WORK TO COMPLETE: Below is a listing with pictures. Repeat exactly the lines starting at the one holding "Während der frühen" and going on through the one holding "Motor de búsqueda", and leave every picture out.

DATA TO EXAMINE:
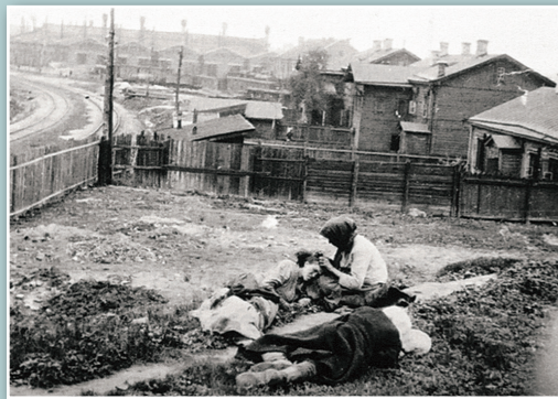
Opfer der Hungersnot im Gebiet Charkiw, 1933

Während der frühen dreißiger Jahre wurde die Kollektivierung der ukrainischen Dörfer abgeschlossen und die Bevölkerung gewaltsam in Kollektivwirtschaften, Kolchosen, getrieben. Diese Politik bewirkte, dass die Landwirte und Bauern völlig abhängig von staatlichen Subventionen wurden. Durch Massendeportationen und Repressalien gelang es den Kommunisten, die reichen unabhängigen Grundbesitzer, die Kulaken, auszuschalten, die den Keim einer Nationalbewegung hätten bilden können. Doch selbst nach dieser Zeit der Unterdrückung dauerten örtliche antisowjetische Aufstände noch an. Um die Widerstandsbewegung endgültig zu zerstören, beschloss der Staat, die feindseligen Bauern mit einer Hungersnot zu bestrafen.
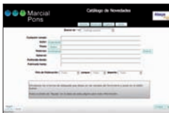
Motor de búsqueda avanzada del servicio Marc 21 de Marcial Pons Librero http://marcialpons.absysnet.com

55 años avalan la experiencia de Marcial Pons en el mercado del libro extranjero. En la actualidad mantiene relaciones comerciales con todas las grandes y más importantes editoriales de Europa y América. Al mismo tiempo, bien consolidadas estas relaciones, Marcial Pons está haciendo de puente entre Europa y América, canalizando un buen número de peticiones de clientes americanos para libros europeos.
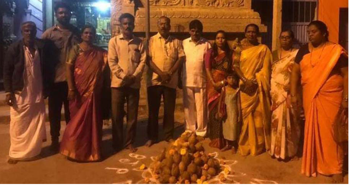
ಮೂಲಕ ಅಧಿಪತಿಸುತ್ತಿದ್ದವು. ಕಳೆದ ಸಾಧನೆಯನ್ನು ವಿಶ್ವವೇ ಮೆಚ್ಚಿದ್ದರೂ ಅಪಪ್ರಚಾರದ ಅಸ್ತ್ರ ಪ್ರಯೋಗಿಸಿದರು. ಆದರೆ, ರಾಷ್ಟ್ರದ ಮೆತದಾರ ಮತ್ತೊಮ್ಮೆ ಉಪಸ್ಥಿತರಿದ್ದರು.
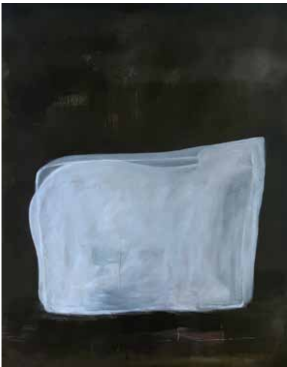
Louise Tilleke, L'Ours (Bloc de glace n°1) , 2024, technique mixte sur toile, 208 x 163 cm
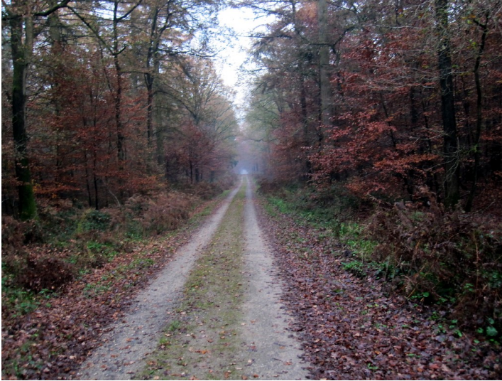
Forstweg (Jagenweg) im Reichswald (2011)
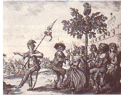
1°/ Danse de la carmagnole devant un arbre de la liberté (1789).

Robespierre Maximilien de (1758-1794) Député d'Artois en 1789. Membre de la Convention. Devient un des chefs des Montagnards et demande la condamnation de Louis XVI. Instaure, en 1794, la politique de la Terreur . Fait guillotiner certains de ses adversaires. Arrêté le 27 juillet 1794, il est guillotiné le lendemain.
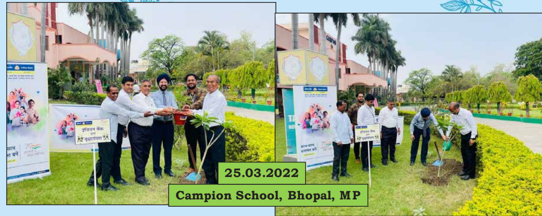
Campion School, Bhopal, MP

* * *

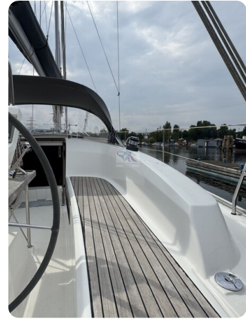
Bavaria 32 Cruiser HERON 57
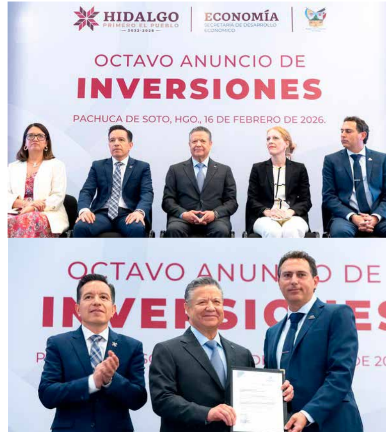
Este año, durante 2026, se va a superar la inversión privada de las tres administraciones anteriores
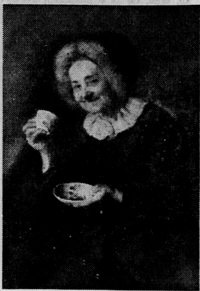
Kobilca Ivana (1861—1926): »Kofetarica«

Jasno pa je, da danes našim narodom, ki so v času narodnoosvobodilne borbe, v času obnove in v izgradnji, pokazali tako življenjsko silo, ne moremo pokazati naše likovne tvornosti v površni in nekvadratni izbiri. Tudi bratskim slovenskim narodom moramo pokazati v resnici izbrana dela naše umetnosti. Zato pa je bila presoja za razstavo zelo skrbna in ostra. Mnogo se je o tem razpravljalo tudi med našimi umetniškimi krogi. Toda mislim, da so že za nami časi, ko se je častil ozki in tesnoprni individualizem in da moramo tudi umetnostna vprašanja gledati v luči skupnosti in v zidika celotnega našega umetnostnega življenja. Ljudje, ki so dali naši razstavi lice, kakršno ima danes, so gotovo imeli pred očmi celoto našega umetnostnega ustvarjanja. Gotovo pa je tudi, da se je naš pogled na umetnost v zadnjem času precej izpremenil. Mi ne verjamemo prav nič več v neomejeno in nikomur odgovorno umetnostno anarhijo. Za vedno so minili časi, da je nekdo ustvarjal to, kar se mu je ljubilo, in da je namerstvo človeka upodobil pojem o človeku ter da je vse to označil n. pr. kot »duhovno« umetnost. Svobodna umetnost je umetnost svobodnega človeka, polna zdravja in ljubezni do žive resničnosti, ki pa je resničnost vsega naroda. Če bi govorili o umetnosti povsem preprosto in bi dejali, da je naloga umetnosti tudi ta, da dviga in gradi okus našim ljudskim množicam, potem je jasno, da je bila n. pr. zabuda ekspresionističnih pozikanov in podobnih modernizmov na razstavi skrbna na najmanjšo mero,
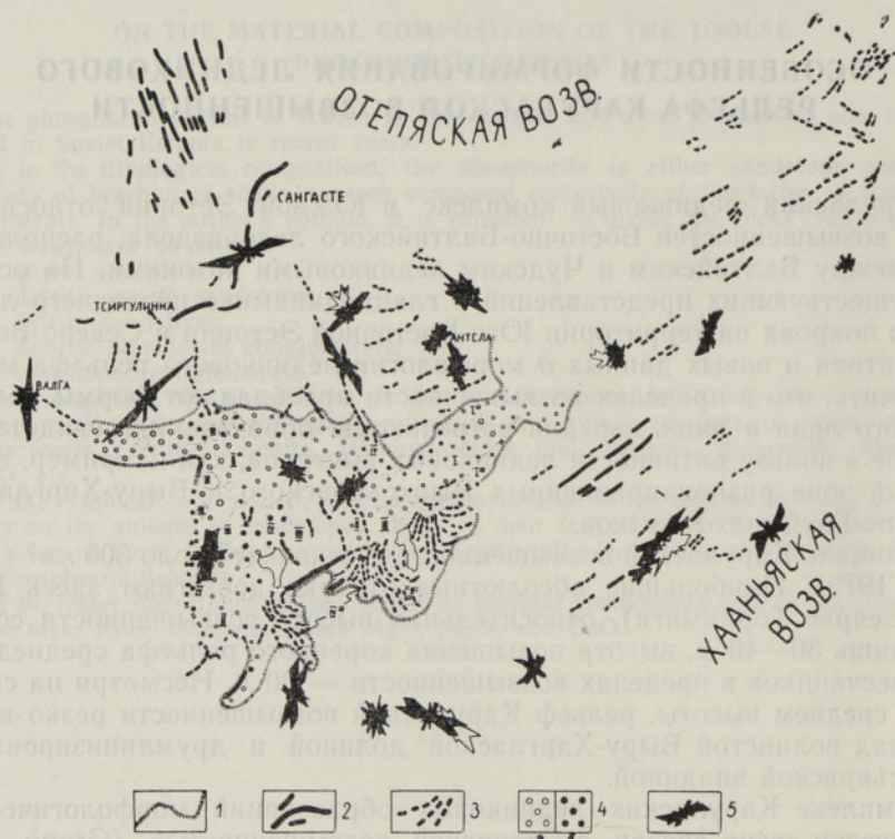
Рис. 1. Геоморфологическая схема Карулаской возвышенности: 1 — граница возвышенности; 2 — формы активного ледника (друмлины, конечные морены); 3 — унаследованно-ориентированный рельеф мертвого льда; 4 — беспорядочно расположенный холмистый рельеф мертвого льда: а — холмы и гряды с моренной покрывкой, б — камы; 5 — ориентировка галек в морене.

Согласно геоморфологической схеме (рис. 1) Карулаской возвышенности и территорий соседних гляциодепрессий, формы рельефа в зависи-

* * *

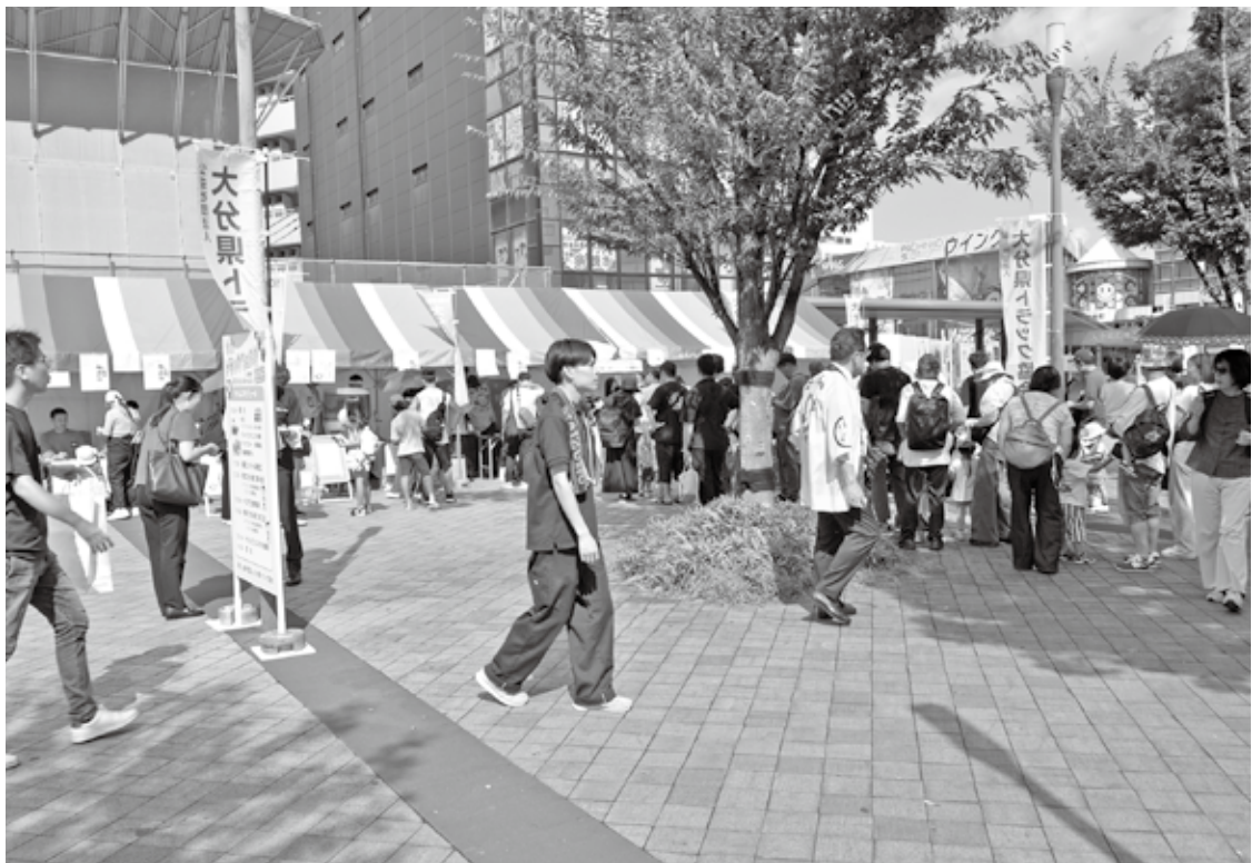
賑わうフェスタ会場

EXPECTED ANSWER:
Während der frühen dreißiger Jahre wurde die Kollektivierung der ukrainischen Dörfer abgeschlossen und die Bevölkerung gewaltsam in Kollektivwirtschaften, Kolchosen, getrieben. Diese Politik bewirkte, dass die Landwirte und Bauern völlig abhängig von staatlichen Subventionen wurden. Durch Massendeportationen und Repressalien gelang es den Kommunisten, die reichen unabhängigen Grundbesitzer, die Kulaken, auszuschalten, die den Keim einer Nationalbewegung hätten bilden können. Doch selbst nach dieser Zeit der Unterdrückung dauerten örtliche antisowjetische Aufstände noch an. Um die Widerstandsbewegung endgültig zu zerstören, beschloss der Staat, die feindseligen Bauern mit einer Hungersnot zu bestrafen.
Motor de búsqueda avanzada del servicio Marc 21 de Marcial Pons Librero http://marcialpons.absysnet.com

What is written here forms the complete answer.